If you have an Apple TV set with a Siri Remote, you don't need haptic feedback. Assuming you can find the remote, and you have it facing the right away around, then you just press a button and you know it works when your Apple TV reacts.
But sometimes it's less clear that a device has responded to your pressing on a remote control, or tapping on an iPhone app. That may be because of what you're trying to control, such as a speaker that has no visual display.
It could equally be because of accessibility needs -- or it could well be that a games controller would benefit from immediate haptic feedback.
Or it could simply be that you have one remote control, or iPhone, and you are surrounded by devices that they could work with. Apple has been researching how haptic feedback could not just tell you something has worked, but also guide you to pointing toward the right device out of many.
The remote control (or iPhone) could "snap" to the right device
In a newly-revealed patent application called "Electronic Devices With Touch Input Components And Haptic Output Components," Apple concentrates on using haptics with physical remote controls.
"An electronic device may include touch input components and associated haptic output components," it says. "The control circuitry may provide haptic output in response to touch input on the touch input components and may send wireless signals to the external electronic device based on the touch input."
"The haptic output components may provide local and global haptic output, continues Apple. "Local haptic output may be used to guide a user to the location of the electronic device or to provide a button click sensation to the user in response to touch input."
"Global haptic output may be used to notify the user that the electronic device is aligned towards the external electronic device and is ready to receive user input to control or communicate with the external electronic device," says the patent application.
Just to be thorough, as well as taking commands or responding to inputs, Apple's idea also notes when a device is switched off. "Control circuitry may switch a haptic output component into an inactive mode to inform the user that a touch input component is inactive," it says.
Apple also explores using Time of Flight to determine the distance between the remote and the device it's intended to control.
All of Apple's illustrations in the patent application show a physical remote control, which rather looks like a crude iPhone. The patent application definitely aims to cover more than physical remotes, or even solely iPhone apps, though.
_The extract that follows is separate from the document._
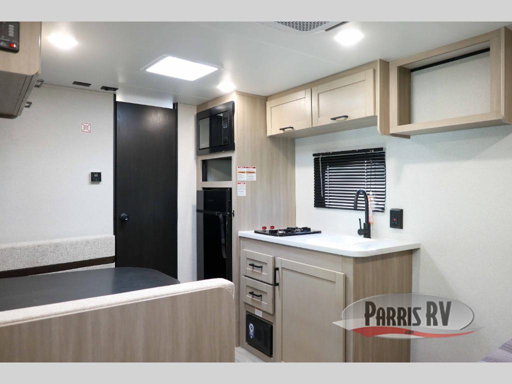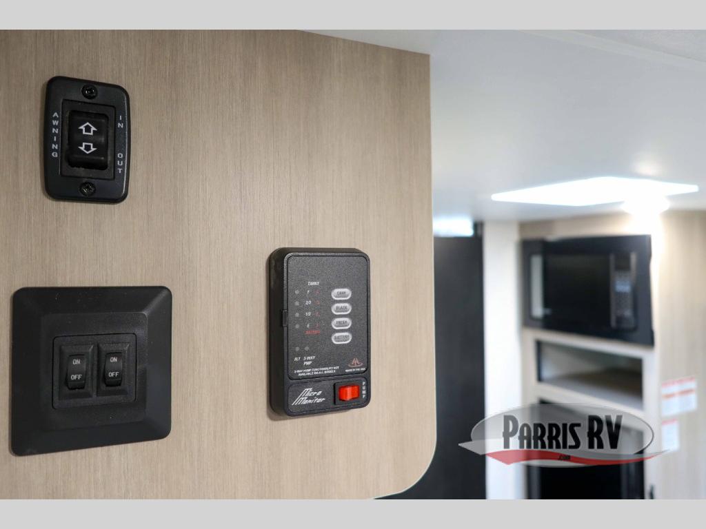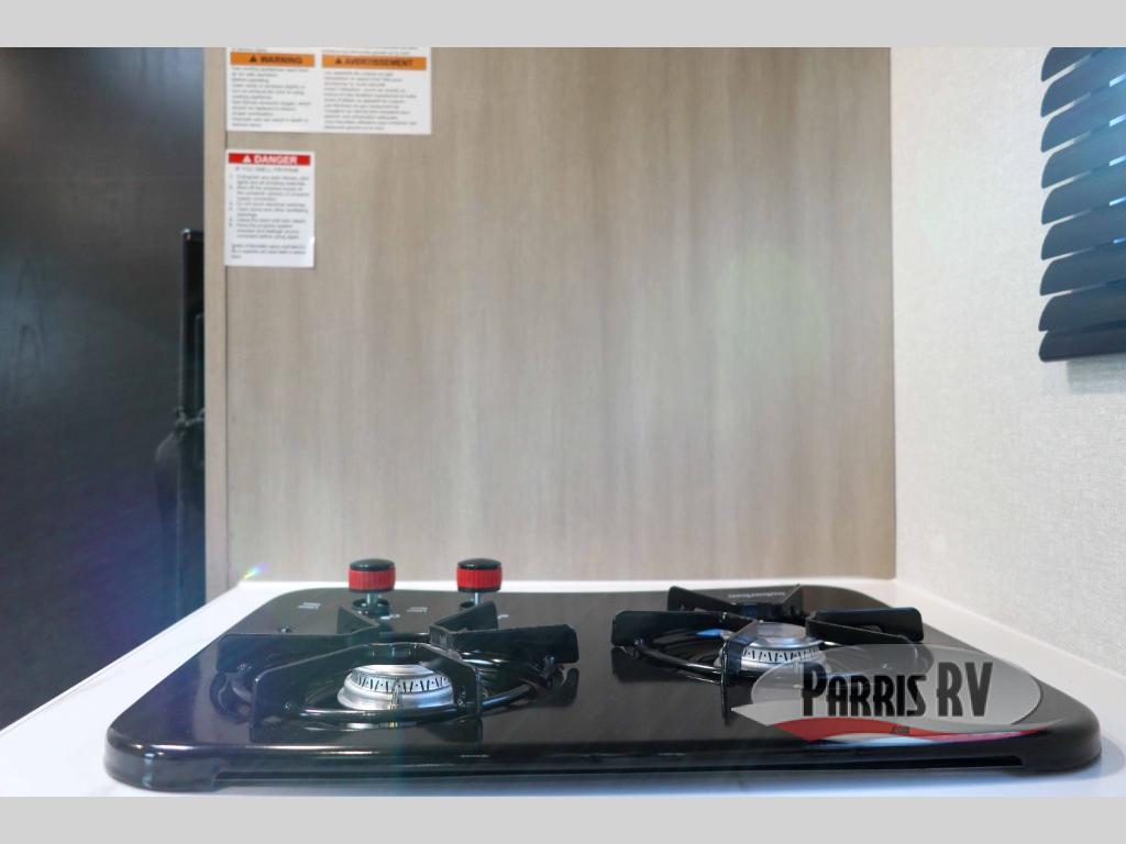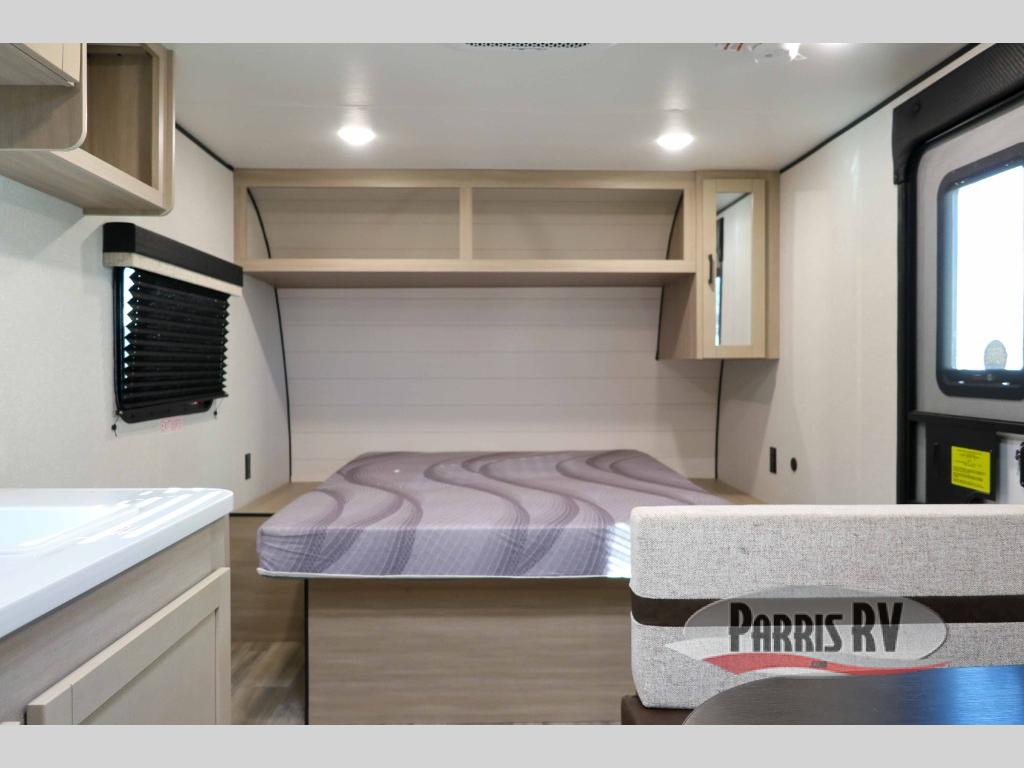 This travel trailer provides you with a little more privacy thanks to the rear bath, which also includes a bath linen closet and shelves for extra storage. The front bedroom includes a walk-around RV queen bed to make it easier to make the bed, and you'll find an overhead shelf for books or games. Once you've made lunch on the two-burner cooktop or in the microwave oven, you can dine at the booth dinette or take your plate outdoors to sit under the 10' power awning.

"[The electronic] device may be a computing device such as a laptop computer, a computer monitor containing an embedded computer, a tablet computer, a cellular telephone, a media player, or other handheld or portable electronic device," it says. "[Or] a smaller device such as a wristwatch device, a pendant device, a headphone or earpiece device, a device embedded in eyeglasses or other equipment worn on a user's head, or other wearable or miniature device, a television, a computer display that does not contain an embedded computer, a gaming device, a navigation device, an embedded system such as a system in which electronic equipment with a display is mounted in a kiosk or automobile"
That's Apple trying to make one patent claim cover every conceivable implementation. But since Apple first introduced the use of haptic feedback, the feature has spread to many more applications, so it's easy to believe the same thing could happen with this development.